### [Activity]
Only the lines from the one that includes "Каталог запасных частей" through the last line below belong in the reply, copied exactly and without pictures.

### [Data block]
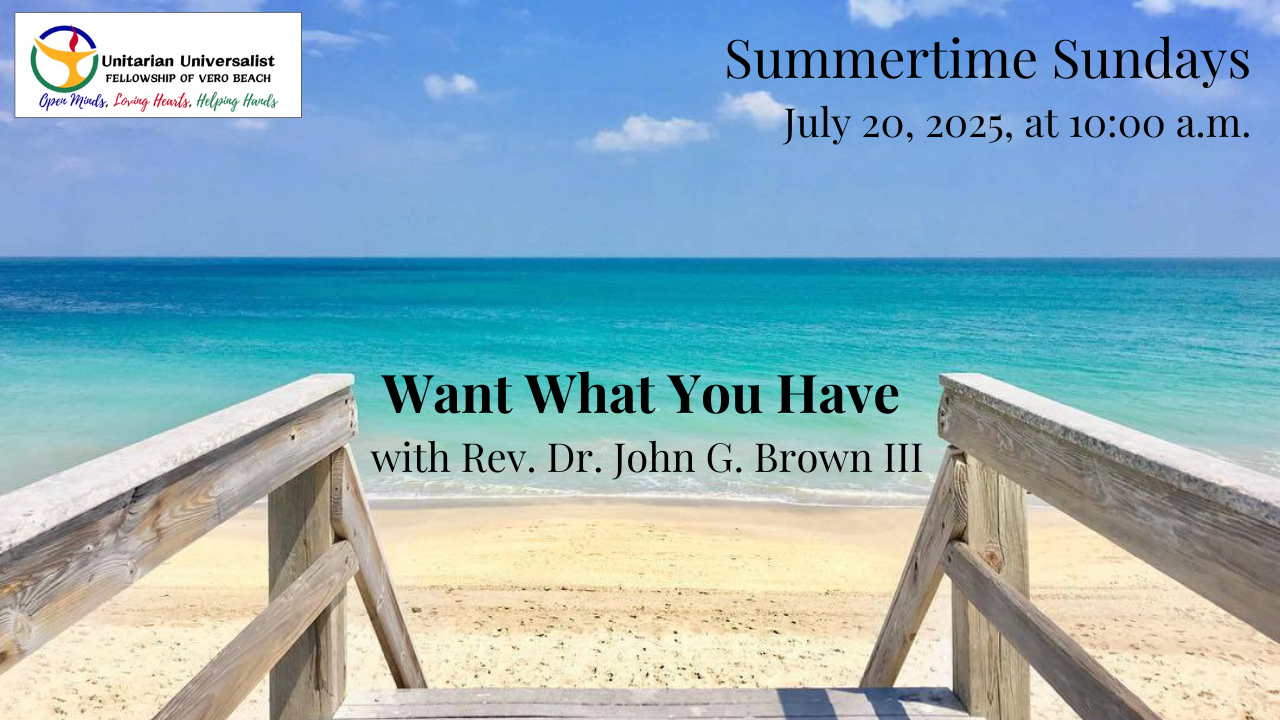 Originally written by Rev. Dr. Forrest Church, beloved former pastor of All Souls Unitarian Church in New York City, “Want What You Have” offers a timeless message about gratitude, perspective, and finding meaning in the present moment. Though written years ago, Dr. Church’s words continue to resonate in today’s complex world. Rev. Dr. Brown will reflect on and expand upon these caring and insightful themes, offering his own interpretation and connection to our current lives.
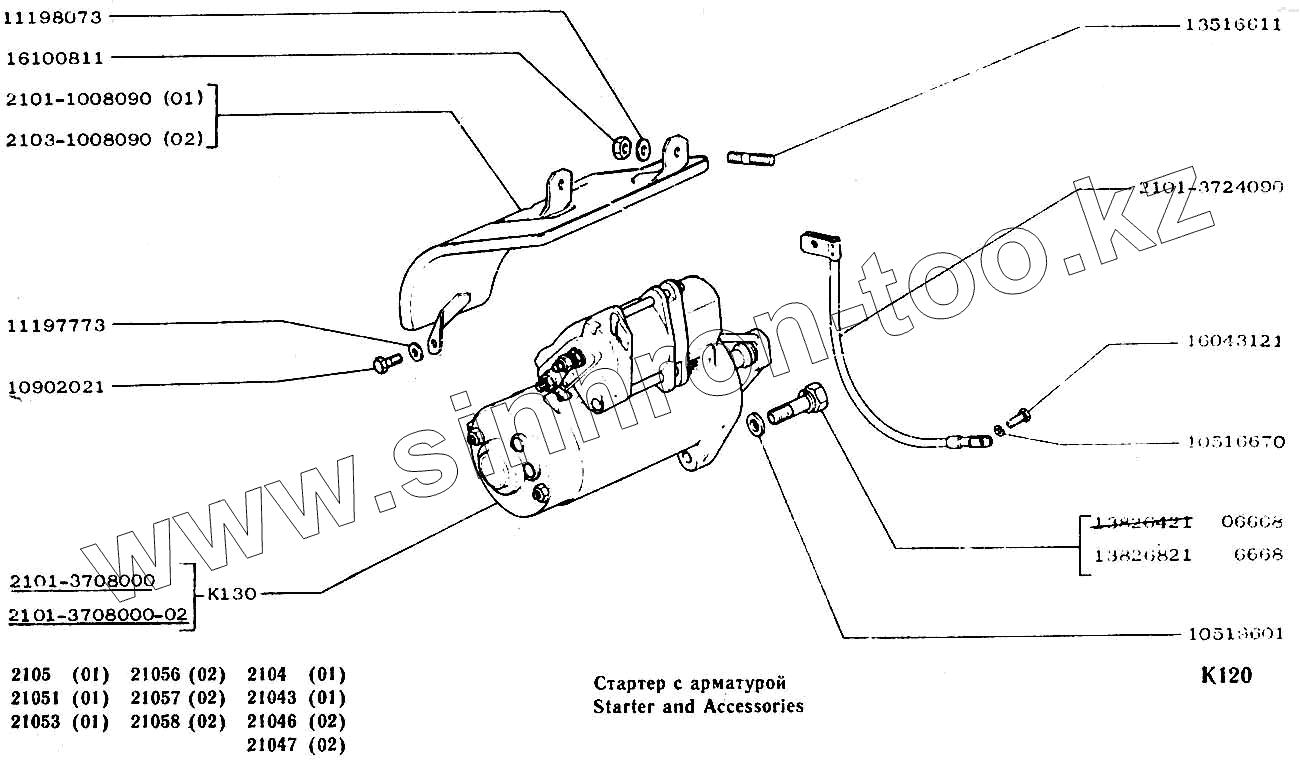 Каталог запасных частей к технике: ВАЗ-2104, 2105. Стартер с арматурой
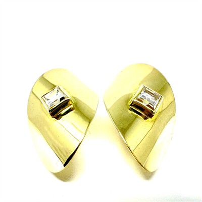 Elegantní, zlaté náušnice - efektně prohnuté ovály. Náušnice byly vyrobeny ze zlata ryzosti 333/1000, o celkové váze 2,48 g. Náušnice jsou osazeny transparentním, světlým kamenem s vysokou brilancí. Zapínání na puzetu. Náušnice byly profesionálně vyčištěné zlatníkem, jsou slušivé, příjemně nositelné a v perfektním stavu.

### [Solution to this exercise]
 Каталог запасных частей к технике: ВАЗ-2104, 2105. Стартер с арматурой
 Elegantní, zlaté náušnice - efektně prohnuté ovály. Náušnice byly vyrobeny ze zlata ryzosti 333/1000, o celkové váze 2,48 g. Náušnice jsou osazeny transparentním, světlým kamenem s vysokou brilancí. Zapínání na puzetu. Náušnice byly profesionálně vyčištěné zlatníkem, jsou slušivé, příjemně nositelné a v perfektním stavu.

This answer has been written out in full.